Participatory cognition / memory
"Memories that are in the form of feeling or sensation rather than being conceptualized as a specific incident; composed of emotions, desires, and a sense of familiarity, but without any specific time or place" (Fogel, 2001, p. 73).

Conceptual memory
"Memories of specific categories for type of event ('I was left alone'), time ('when I was 5 years old'), and place ('at the preschool'); recall about an event that is communicated in the form of a verbal narrative or story" (Fogel, 2001, p. 72).

Relational-historical approach
"Conceives of relationship development as an historical process constituted by patterns of communication as they are formed, maintained, transformed, and dissolved over time" (Fogel, A., Garvey. A., Hsu, H., & Wert-Stroming, D., (2006). Change processes in Relationships: A Relational - Historical Research Approach. Cambridge University Press). This approach utilizses multiple case studies for making intensive observations across key developmental transitions in order identify patterns of communication or ‘frames’. It also involves the use of quantitative analyses of real time sequences and developmental trajectories of patterns of communication combined with qualitative descriptions of the historical emergence of change and stability within dyadic communication.

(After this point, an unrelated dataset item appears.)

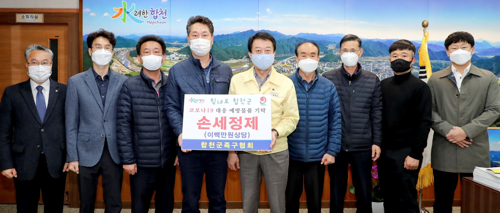 합천군족구협회, 코로나19 극복 200만원상당 손소독제 기탁박권목 기자 / |
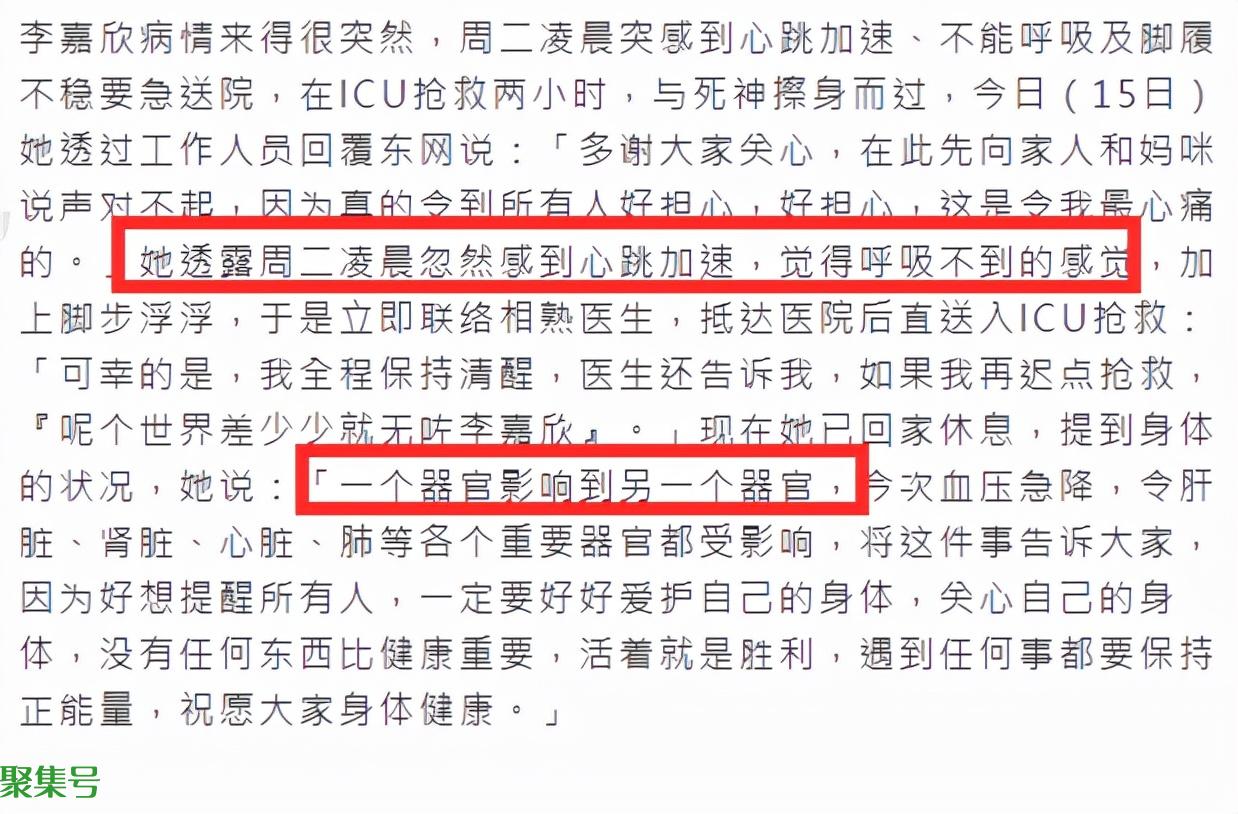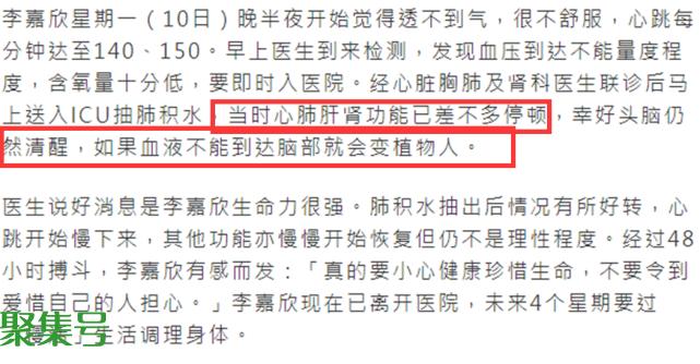 而李嘉欣所说的“48小时”,大概就是她在进行抢救后,用自己意志力和死亡搏斗的时间,还好,李嘉欣跑赢了死神。医生告知大家好消息,称李嘉欣生命力很强,肺积水抽出后情况有所好转,心跳也开始慢下来,其他功能正在恢复当中。

Self (ecological, emergent, embodied, categorical, etc.)
Emergent: "The perception of sameness over time in behavior, feelings, and states of arousal; the sense of familiarity of the body that persists even when objects and people come and go" (Fogel, 2001, p. 201).

Ecological: "The ability to recognize the body and its senses, feelings, and movements" (Fogel, 2001, p. 246). Affectivity agency, coherence, history.

Differentiated Ecological Self: "The awareness that the ecology has localized entities, such as self and other or self and object, shown by the different ways in which infants call attention to themselves such as asking for help, taking the initiative, clowning and showing off, demanding, and hiding and esxcaping" (Fogel 2001, p. 287).

Existential: "The ability to recognize one's own features as different from someone else's. It involves an awareness of the self as someone who can be recognized and can be distinguished as a whole person from other people" (Fogel, 2001, p. 403).

Categorical: "A concept of the self as belonging to one or more categories, such as that of baby or female" (Fogel, 2001, p. 402)


Dynamic systems theory
A system consists of different components that openly and dynamically interact with one another resulting in the self-organization of the system. These systems show the spontaneous emergence of organized patterns and processes due to the mutual influences of the components within the system.